> [Data provided]:
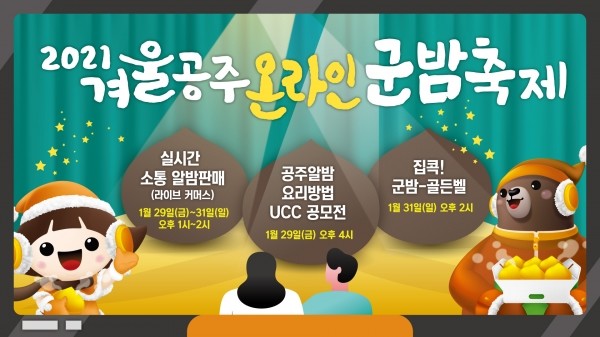 20일 공주시에 따르면, 군밤축제 조직위는 지난 18일 군밤축제 조직위원회를 개최하고 군밤축제 방식과 운영 등에 대한 논의 결과 코로나19 예방차원에서 오는 19일부터 3일간 온라인으로 개최하기로 최종 결정했다고 밝혔다.
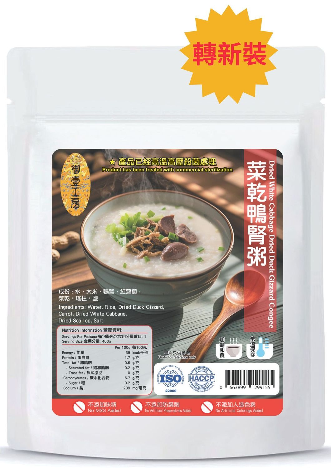 成份 : 粥(水,大米,鹽,糖),鴨腎,紅蘿蔔,菜乾,瑤柱 淨重400克 無添加味精, 防腐劑, 人造色素 加熱3分鐘即可飲用 無需冷藏,常溫存放
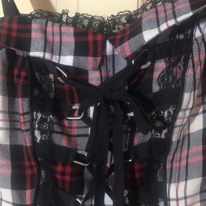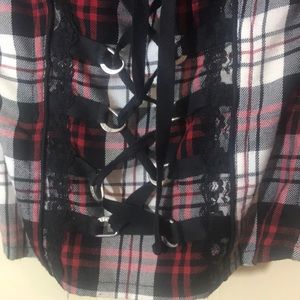 It's been worn many times but it has gotten too small for me, unfortunately. The tear is inside the corset and does not show at all when wearing it.
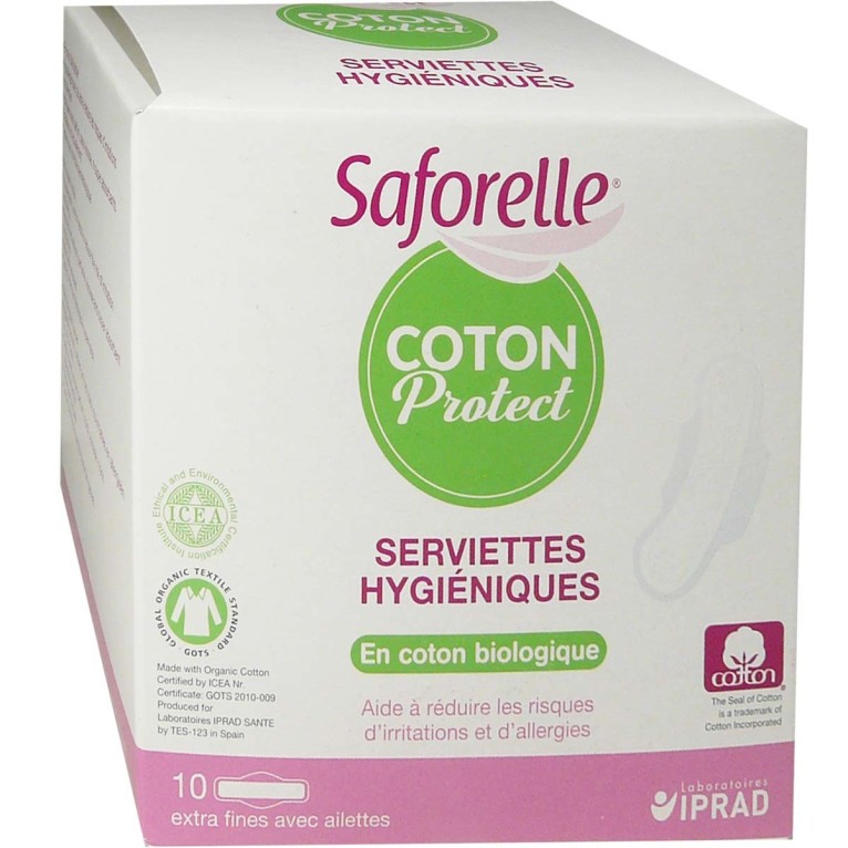 . Afin de répondre aux besoins spécifiques de la sphère intime féminine, SAFORELLE a développé une gamme de protections périodiques conçus avec du coton biologique, destinés à prendre soin de la flore vaginale : COTON PROTECT. Très fines avec ailettes les serviettes hygiéniques Coton Protect sont très discretes sous les vêtements et ne gênent pas dans les mouvements par leur forme anatomique. Le voile au cœur très absorbant, permet de limiter les mauvaises odeurs. Hypoallergénique et testés cliniquement, les serviettes hygiéniques laissent la peau respirer et la préserve de toute allergie ou irritations grâce à leur voile très doux 100% coton bio qui laisse la peau respirée. Elles sont dotées d’ailettes qui permettent d’être maintenues dans la lingerie. Pratique, les serviettes hygiéniques sont dans des sachets individuels pour être transportés en toute discrétion.
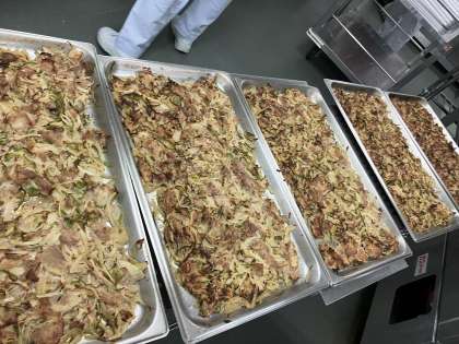 金時豆は、いんげん豆の仲間です。色はこい赤むらさき色をしています。たんぱく質のほか、炭水化物、おなかの調子を整える食物せんいなどを多く含んでいます。また、ビタミンB1やビタミンB2,貧血をふせぐ鉄なども含まれています。今日は大きな釜で煮ています。ふっくらと甘く美味しい煮ものができました。
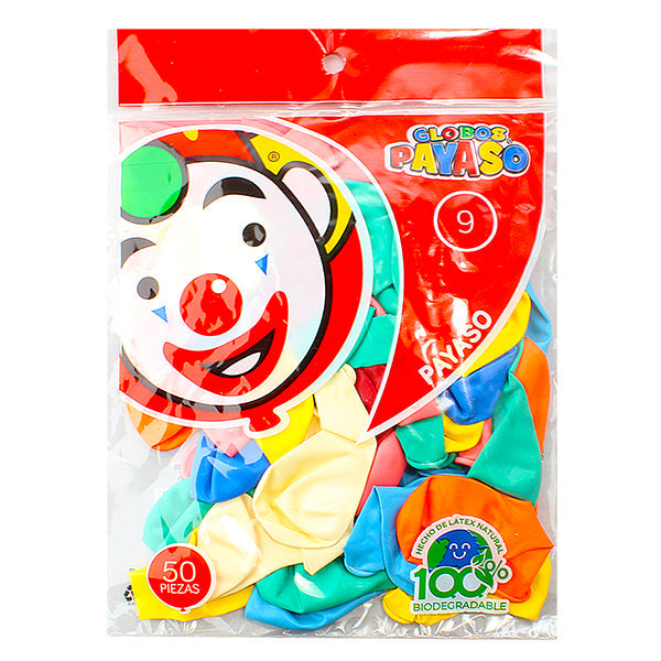 GLOBO PAYASO #9 SURTIDO 50 PZ FABRICAS SELECTAS
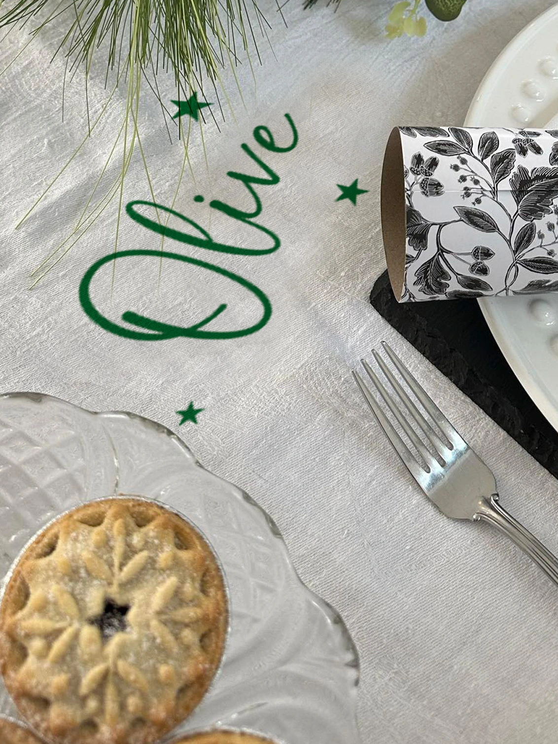 These place names are designed to adhere onto your tablecloth or napkins, creating thoughtful, bespoke place settings that make every guest feel special.

> [Exercise goal]: Output exactly, and only, the lines of the entries above from the one with "成份 : 粥(水,大米,鹽,糖),鴨腎,紅蘿蔔,菜乾,瑤柱" up to and including the one with "It's been worn"; pictures are to be left out.

> [Response area]:
 成份 : 粥(水,大米,鹽,糖),鴨腎,紅蘿蔔,菜乾,瑤柱 淨重400克 無添加味精, 防腐劑, 人造色素 加熱3分鐘即可飲用 無需冷藏,常溫存放
 It's been worn many times but it has gotten too small for me, unfortunately. The tear is inside the corset and does not show at all when wearing it.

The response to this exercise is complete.